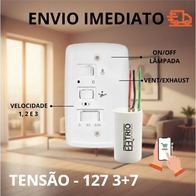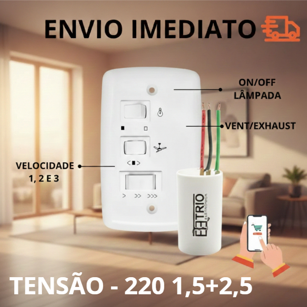 Controle de Velocidade Ventilador de Teto – Capacitivo 127V ou 220V
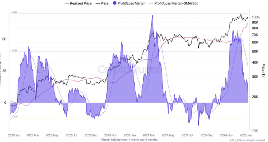سود تحققیافته آنچین معاملهگران بیت کوین و حاشیه سود/ضرر – منبع: CryptoQuant
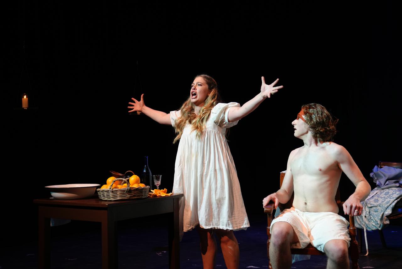 Meneer, dit is miskien ook ’n goeie idee om mooi te kyk wie en wat agter die sluier skuil voordat jy jou mantel en kroon oorgee. Koekemoer is oortuigend as Amélie: gretig-beskeie en onderdanig, maar agter die sluier en weggesteek in die trousseau wag daar iets anders op boer Willem: “koning” wat eintlik nog ’n kind is. Wentzel vertolk hierdie onskuldige, kwesbare rol gemaklik en met opregtheid. Daar is talle oomblikke in en om die hemelbed wat die gehoor laat skater, veral met Angelique Filter se ondersteunende rol as die diensmeisie wat sorg vir nog komiese oomblikke. Die klein rukkie wat sy op die verhoog te sien is, laat jou wens vir meer.

(ACTION ITEM): The pictures alone are to be left out when the data above is copied; all else must match exactly.

(ANSWER TO THE PROBLEM):
 Controle de Velocidade Ventilador de Teto – Capacitivo 127V ou 220V
سود تحققیافته آنچین معاملهگران بیت کوین و حاشیه سود/ضرر – منبع: CryptoQuant
 Meneer, dit is miskien ook ’n goeie idee om mooi te kyk wie en wat agter die sluier skuil voordat jy jou mantel en kroon oorgee. Koekemoer is oortuigend as Amélie: gretig-beskeie en onderdanig, maar agter die sluier en weggesteek in die trousseau wag daar iets anders op boer Willem: “koning” wat eintlik nog ’n kind is. Wentzel vertolk hierdie onskuldige, kwesbare rol gemaklik en met opregtheid. Daar is talle oomblikke in en om die hemelbed wat die gehoor laat skater, veral met Angelique Filter se ondersteunende rol as die diensmeisie wat sorg vir nog komiese oomblikke. Die klein rukkie wat sy op die verhoog te sien is, laat jou wens vir meer.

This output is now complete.